__WORK REQUIRED__
Please output, exactly and without pictures, the lines from the opening of the listing below through the line containing "11月25日,河北省生態(t", both included.
┄┄┄┄┄┄
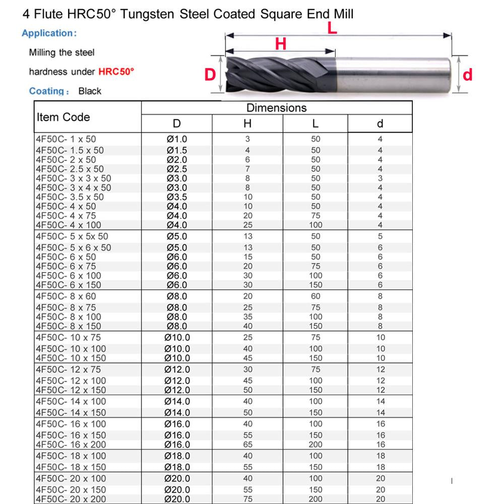 MZG Discount Price Cutting HRC50 4 Flute 4mm 5mm 6mm 8mm 12mm Alloy Carbide Milling Tungsten Steel Milling Cutter End Mill
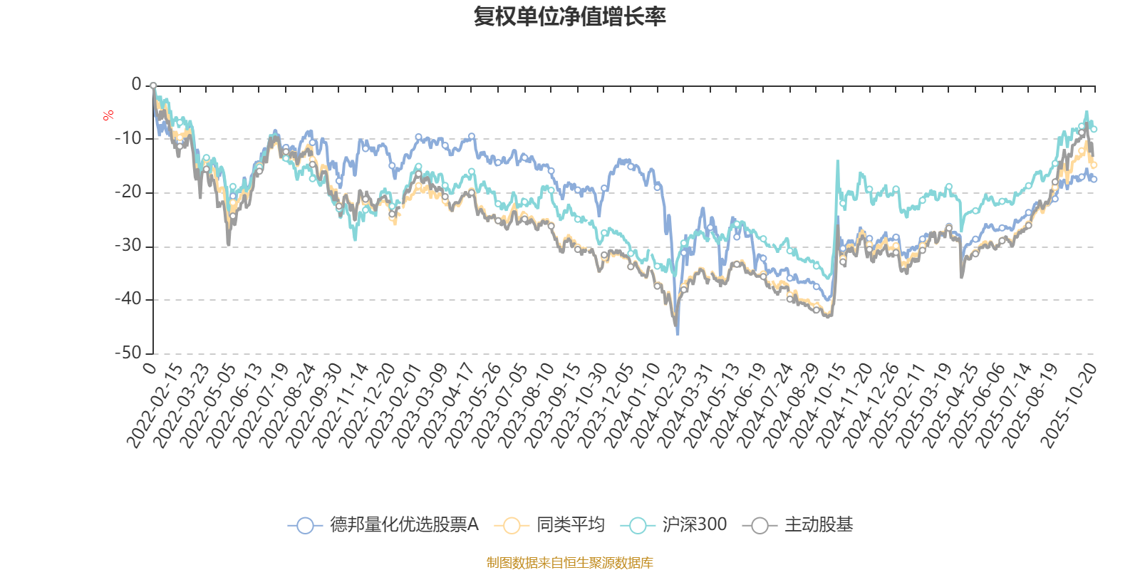截至10月20日,德邦量化优选股票A近三个月复权单位净值增长率为7.53%,位于同类可比基金82/121;近半年复权单位净值增长率为17.06%,位于同类可比基金86/121;近一年复权单位净值增长率为17.41%,位于同类可比基金68/115;近三年复权单位净值增长率为-3.97%,位于同类可比基金64/85。
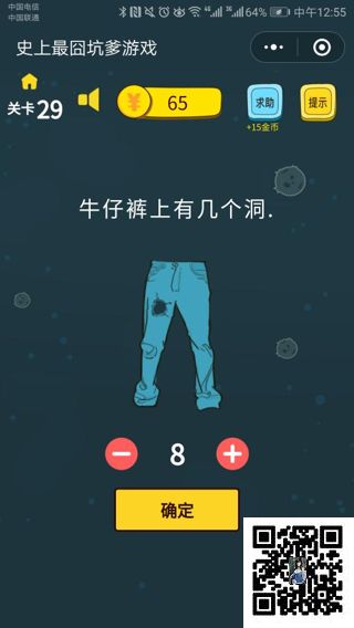 微信史上最坑爹游戲第29關【牛仔褲上有幾個洞】答案攻略 ... [更多詳細]
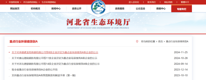 11月25日,河北省生態(tài)環(huán)境廳發(fā)布《關(guān)于對承德建龍?zhí)厥怃撚邢薰镜?家企業(yè)評定為重點(diǎn)業(yè)環(huán)保績效A級(jí)企業(yè)的公示》, 其中包括承德建龍?zhí)厥怃撚邢薰尽⒑颖比A西特種鋼鐵有限公司、唐山松汀鋼鐵有限公司、遷安市九江線材有限責(zé)任公司等4家鋼企。
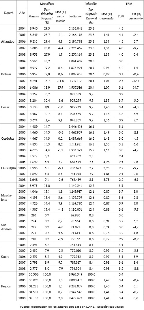 En el ámbito departamental, en la región Caribe, Atlántico, Bolívar, Córdoba y Magdalena aportan la mayor cantidad de defunciones. Otros, como San Andrés y La Guajira son los que registran la menor cantidad de defunciones. Atlántico, a pesar de ser el departamento con mayor participación dentro de las defunciones, mantuvo una senda de crecimiento casi invariable de 2004 a 2008; este fenómeno provocó un cambio en la estructura de mortalidad de la región, donde departamentos como Bolívar, Cesar y Magdalena cada vez ganan más participación.
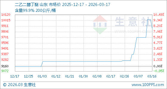 3月17日生意社二乙二醇丁醚基准价为9866.67元/吨
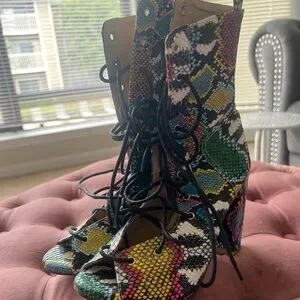 Multicolor snake look, tie up booties
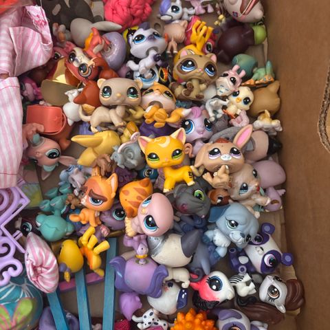 Littles Pet Shop Lps figuureja noin 40kpl ja muutakin leikkiin sopivia tavaroita.
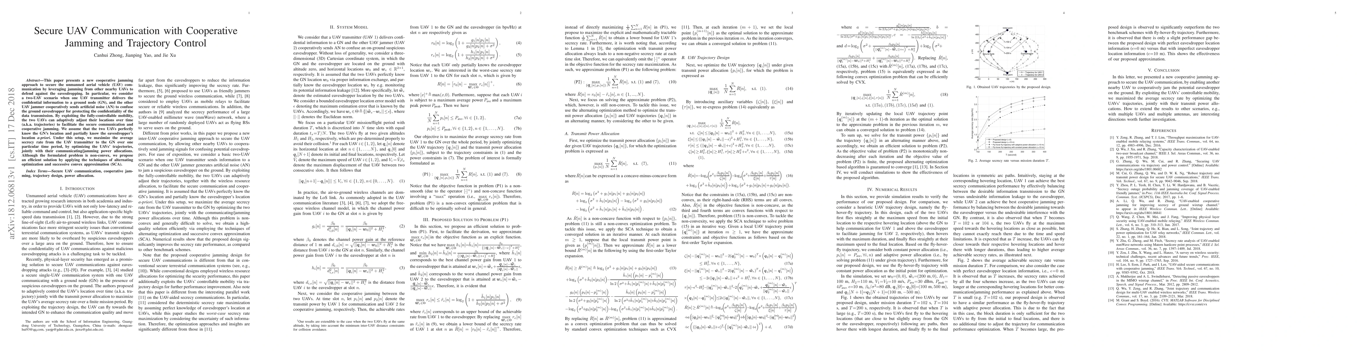 This paper proposes a cooperative jamming method using two UAVs to secure communication by sending artificial noise to confuse eavesdroppers, optimizing their trajectories and power allocations to maximize secrecy rate. An efficient solution is developed using alternating optimization and successive convex approximation.
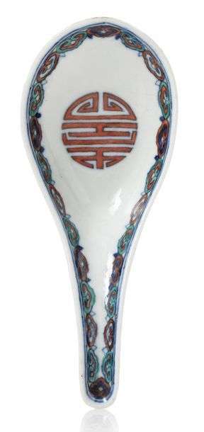 Cuillère en porcelaine et émaux doucai, à décor du caractère shou, guirlandes de ruyi, chauves-souris, et lotus.
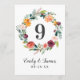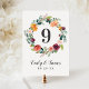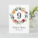 Un exuberante wreath de flores de otoño en borgoña, melocotón y verde profundo rodea el número de mesa sobre un fondo de carbón oscuro. Esta tarjeta de número de mesa de boda rústica captura el calor de una celebración de otoño con flores ricas y pintadas a mano. Los nombres de la pareja, la fecha y el número de mesa son fáciles de personalizar. Cada número de mesa debe personalizarse individualmente y agregarse al carrito uno a la vez.
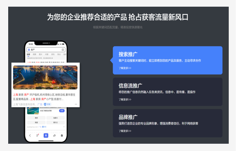所有百度系列产品我们都做百度推广,百度信息流强强联合,有效的提升企业的客户线索。
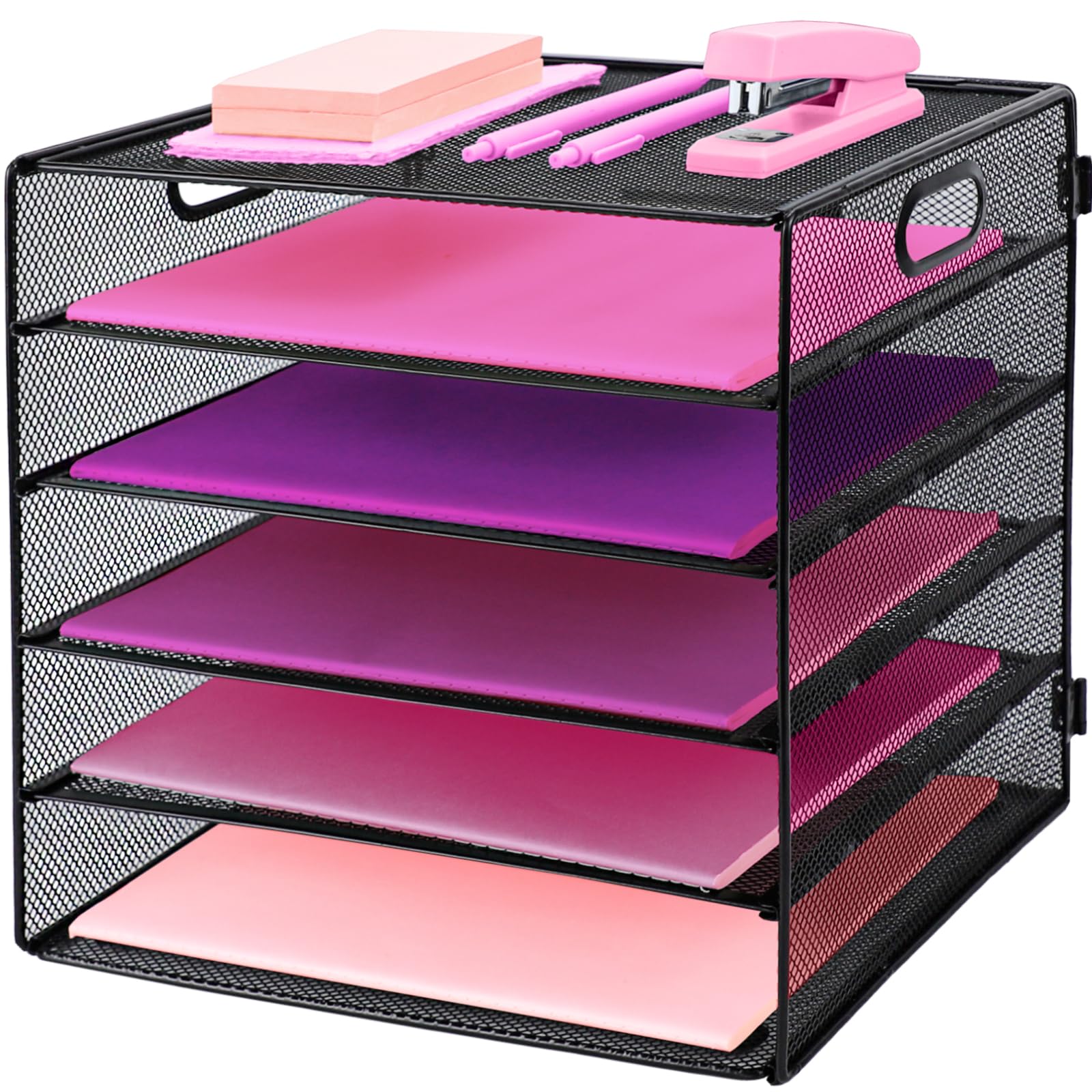 Marbrasse Bandeja organizadora de papel, organizador de archivos de malla de 5 niveles con asa, organizador de escritorio clasific
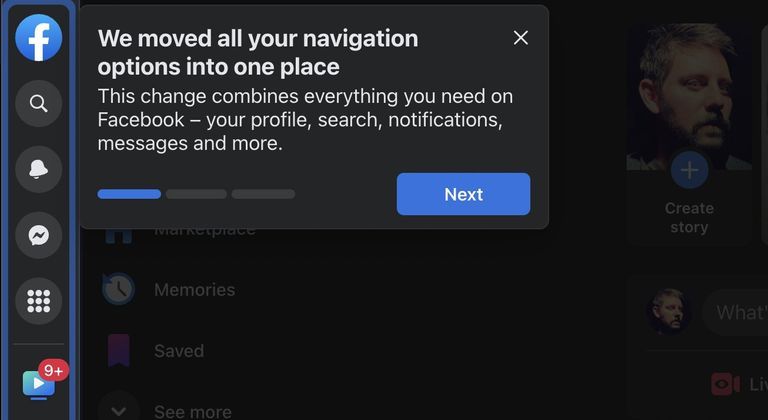 „ჩვენ გადავიტანეთ თქვენი ნავიგაციის ყველა ვარიანტი ერთ ადგილზე – ეს ცვლილება აერთიანებს ყველაფერს, რაც გჭირდებათ Facebook-ზე – თქვენს პროფილს, ძიებას, Messenger, შეტყობინებებს და ა. შ.“ – სწორედ ასეთი წარწერის ფანჯარა შეგატყობინებთ Facebook-ის დესკტოპის დიზაინის ცვლილებას.
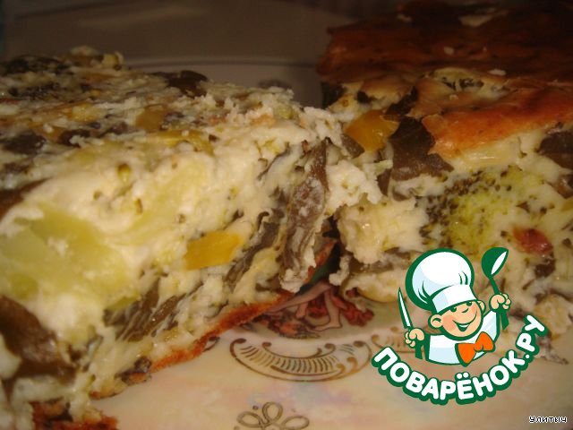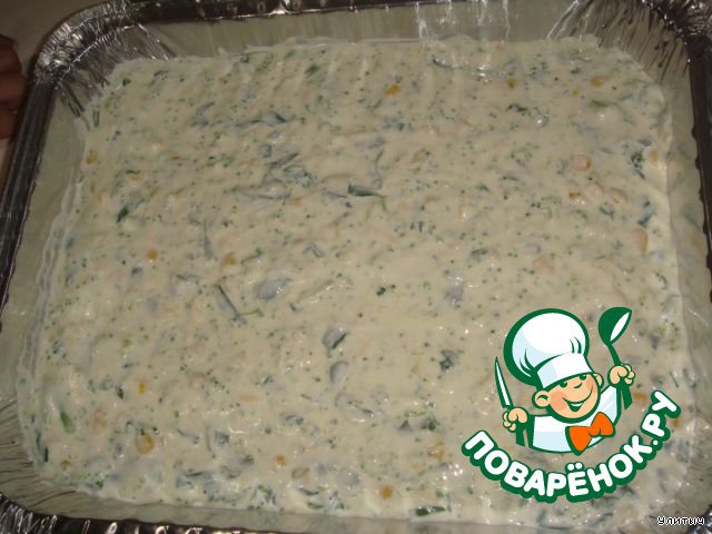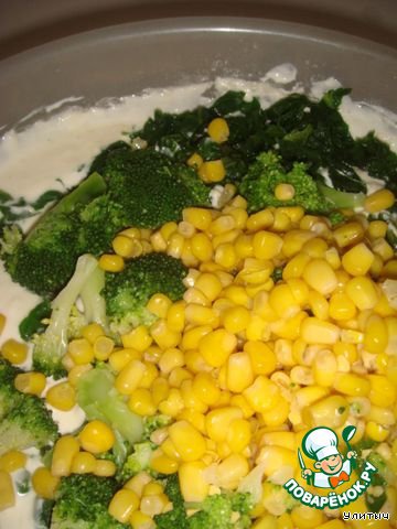 Сырная запеканка со шпинатом, брокколи и консервированной кукурузой
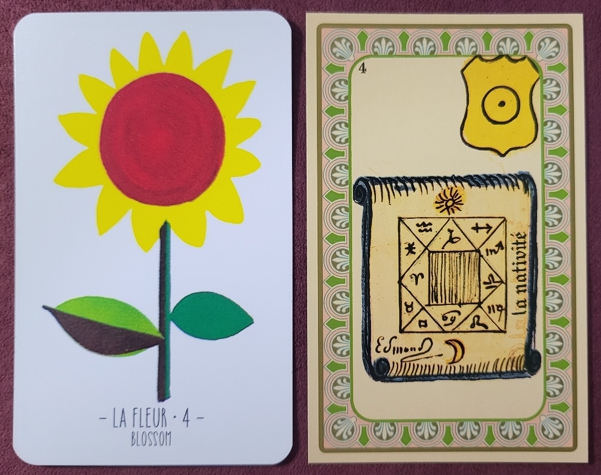– 태양 카드: 4번 꽃, 5번 상승, 6번 보상, 7번 신뢰, 8번 명예, 9번 선물, 10번 휴식
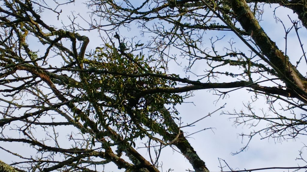En levant la tĂȘte, nous avons vu du gui dans un arbre de la cour des CP. Il y avait des boules blanches par terre.
┄┄┄┄┄┄
__ANSWER BELOW__
 MZG Discount Price Cutting HRC50 4 Flute 4mm 5mm 6mm 8mm 12mm Alloy Carbide Milling Tungsten Steel Milling Cutter End Mill
截至10月20日,德邦量化优选股票A近三个月复权单位净值增长率为7.53%,位于同类可比基金82/121;近半年复权单位净值增长率为17.06%,位于同类可比基金86/121;近一年复权单位净值增长率为17.41%,位于同类可比基金68/115;近三年复权单位净值增长率为-3.97%,位于同类可比基金64/85。
 微信史上最坑爹游戲第29關【牛仔褲上有幾個洞】答案攻略 ... [更多詳細]
 11月25日,河北省生態(tài)環(huán)境廳發(fā)布《關(guān)于對承德建龍?zhí)厥怃撚邢薰镜?家企業(yè)評定為重點(diǎn)業(yè)環(huán)保績效A級(jí)企業(yè)的公示》, 其中包括承德建龍?zhí)厥怃撚邢薰尽⒑颖比A西特種鋼鐵有限公司、唐山松汀鋼鐵有限公司、遷安市九江線材有限責(zé)任公司等4家鋼企。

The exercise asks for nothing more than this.